In a statement released Thursday by Churchill Downs Racetrack President Kevin Flanery, Flanery said Churchill had not been informed of the Scopolamine positive.
“Until media reports surfaced Wednesday night, neither Churchill Downs nor the Kentucky Horse Racing Commission had knowledge of any potential positive tests that may have emanated from California in advance of the 2018 Kentucky Derby,” he said. “We do know that all pre- and post-race tests for 2018 Kentucky Derby participants came back clean, including Justify. In advance of our race each year, the Kentucky Horse Racing Commission conducts pre-race out-of-competition testing for every Kentucky Derby starter and all starters’ results were clean. After the race, the top finishers are tested for a myriad of banned substances and the results for all were clean.”
Scopolamine, though illegal, is generally not considered a performance-enhancing drug. Rather it is found in jimsonweed, which grows wildly, and has been known to inadvertently get mixed into a horse’s feed.
In a statement, the Racing Medication & Testing Consortium explained, “Scopolamine (also known as hyoscine) is conventionally used in human medicine for the prevention of motion sickness. It is available by prescription in tablet and transdermal patch formulations. It has also had limited use in conjunction with general anesthesia in reducing airway secretions. It is associated with side effects of dizziness, drowsiness, blurred vision, nausea and dry mouth. Scopolamine has limited historical use in equine veterinary medicine to relieve intestinal spasms in the treatment of gas colic. However, gastrointestinal side effects, potential toxicity and the development of safer, more effective medications have rendered its use as a therapeutic medication obsolete.”

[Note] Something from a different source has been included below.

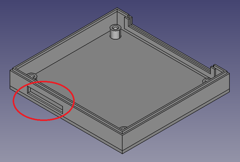 Скажите, как правильно сделать "поддержку", что бы принтер смог напечатать прямоугольное отверстие (на рисунке обведено красным) ?
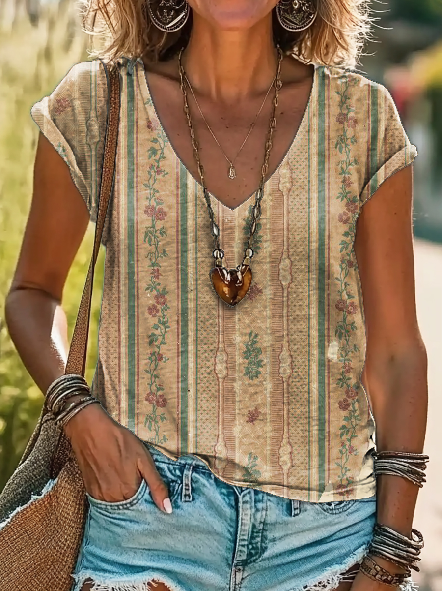 Vintage Ethnic Floral Art Print 100%Cotton V-neck T-Shirt

“…there was never any intentional administration of Scopolamine to Justify and any insinuation in your article otherwise is not only defamatory, but is also defies logic and common sense,” Robertson wrote to Drape. “No trainer would ever intentionally administer Scopolamine to a horse. It has a depressant effect and would do anything but enhance the performance of a horse. There is zero scientific evidence to suggest that Scopolamine has any performance-enhancing properties.
“… Scopolamine is a known environmental contaminant. It is contained within jimsonweed, which is a naturally growing substance in areas where hay and straw are produced in California. There is a long history of environmental contamination cases involving Scopolamine in the state of California. In the past, the CHRB has even issued official advisories concerning contaminated feed to horsemen. There is no doubt that, with regard to Justify, the alleged positive was the result of environmental contamination from hay or straw.”
WinStar chief Elliott Walden, who raced the colt in partnership, also backed his trainer.
“It’s a year and a half later, so I don’t remember the exact date, but we were notified about it in mid-April,” Walden said. “I understood it was a contaminant, a known contaminant in California. We turned it over to an attorney, Craig Robertson, he communicated with them that he was handling it for us, and we never heard about it again.
“Bob Baffert’s reputation speaks for itself,” Walden continued. “He’s a great ambassador for the sport, and it’s a shame it has come to this.”
Through Justify’s Triple Crown campaign, the CHRB never disclosed the Scopolamine positive. It did not take any action until August when it voted to dismiss the case against Justify and ease rules on Scopolamine. Currently, any trainer who has a horse test positive for the drug may be subject to a fine or suspension, but the horse will not be disqualified.